During the Pulse Nightclub attack in Orlando in 2016, the killer Omar Mateen placed a “chilling, calm, and deliberate” call to 911, calling himself an “Islamic soldier.”  Obama admitted that Mateen had pledged allegiance to “ISIL” and said that “countering this extremist ideology is increasingly going to be as important as making sure that we are disrupting plots from the outside.”

Yet, if an attack that is clearly terrorist in nature (it is immaterial if it was mixed up with troubled sexuality, as claimed) is somehow transmogrified and elevated seamlessly into a national memorial for gay rights and excludes any reference to the Islamic motivation of this act, then we as a nation have traveled long and hard down the road of self-delusion and surrender to Islam.
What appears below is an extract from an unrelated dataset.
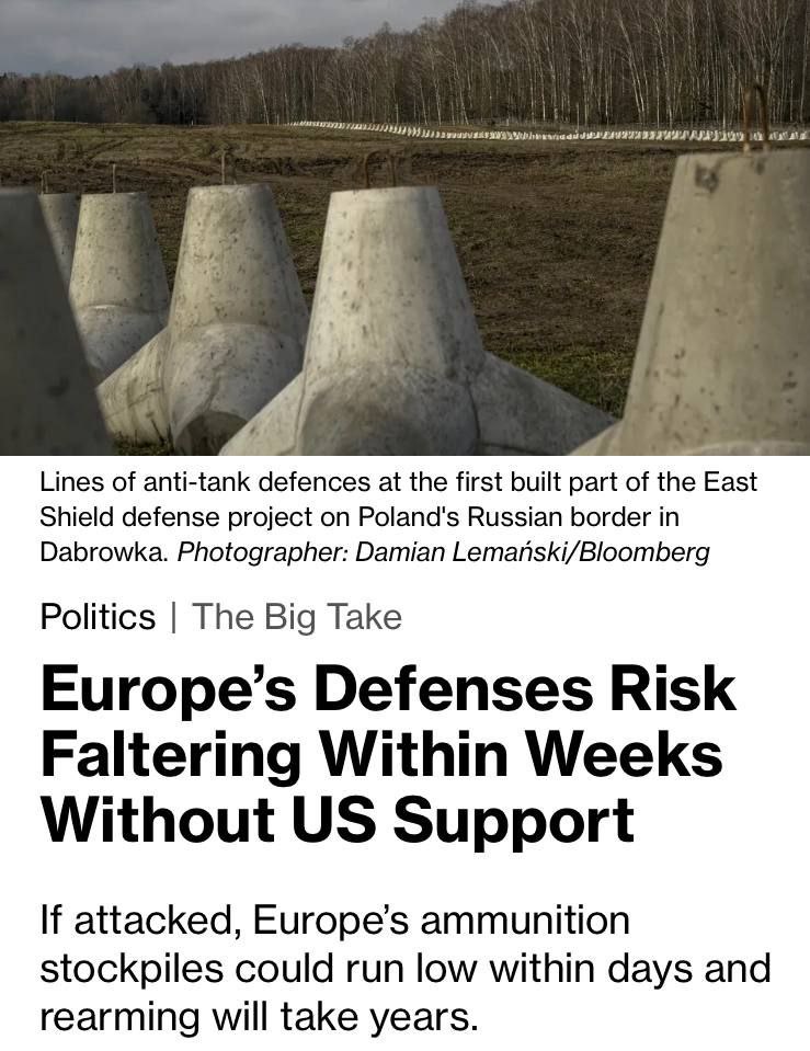 По данным Bloomberg, в случае атаки запасы боеприпасов в Европе будут истощены в течение нескольких дней, а перевооружение займет годы.

Major Nidal Hasan’s terrorist attack in Fort Hood in 2009, which killed 13 people and wounded dozens, was classified, incredibly, as “workplace violence.”  In 2021, he exulted and congratulated the Taliban in a triumphant victory message from death row after they had seized control of Afghanistan.  On death row, Nidal’s sentence is likely meaningless, as he will probably live his full life.

De facto sharia in the U.S.

The world knows only too well the slaughter provoked by the satirical Charlie Hebdo cartoons.  Muslims consider such portrayals of their prophet as hate speech and an intolerable attack on Islam.  They accuse the West of double-standards, citing criminal prohibitions of Holocaust denial as proof.

But this argument can argument be easily refuted.  Apart from the fact that we are being asked to calmly and rationally accept that murder is an appropriate and justifiable response for cartoons, what would happen if a courageous arts teacher gave an assignment to his students to conduct historical research and draw a respectful and accurate picture of the Muslim prophet?  Would this be considered hate speech?

Assuredly yes, for Muslims consider any pictorial representation of their prophet as blasphemous.  But for the U.S., compliance to this prohibition with its First Amendment guarantee of free speech leaves us with only one conclusion: that sharia law is the de facto law in the U.S., to which the U.S. Constitution must capitulate.  In this respect, at least, we are not at all different from Pakistan or Afghanistan.

Apart from these constant political and cultural exceptions made for Islam (and Islam alone), the behavior and actions of sections of the Muslim population in the U.S. deserve scrutiny.

Although Muslims make up a bit more than one per cent of the U.S. population, they constitute about nine percent of the state prison population.  Muslim immigration has dramatically increased the risk of female genital mutilation (FGM) which is understood in many Islamic countries as a religious obligation.  In North America, Muslims commit most of the honor killings.

We have reached here because of the unbreakable alliance of the left and Islam.  Leftists’ frequent accusations of “Islamophobia” are grossly exaggerated and more powerful than any weapon.  This does not imply that Muslims cannot be targeted.  But the left’s partnership with Islam has succeeded in achieving a unique moral inversion.  Leftists have conferred upon a specific religion and its followers blanket immunity from hostile examination, and simultaneously labeled those as making any enquiry, no matter how justified by facts, as intolerant, and excluded them from the streams of authorized debate.

September 11 was the day that the towers fell, and the U.S. began its submission to Islam.  Unless checked, it will surely hasten our downfall as a nation.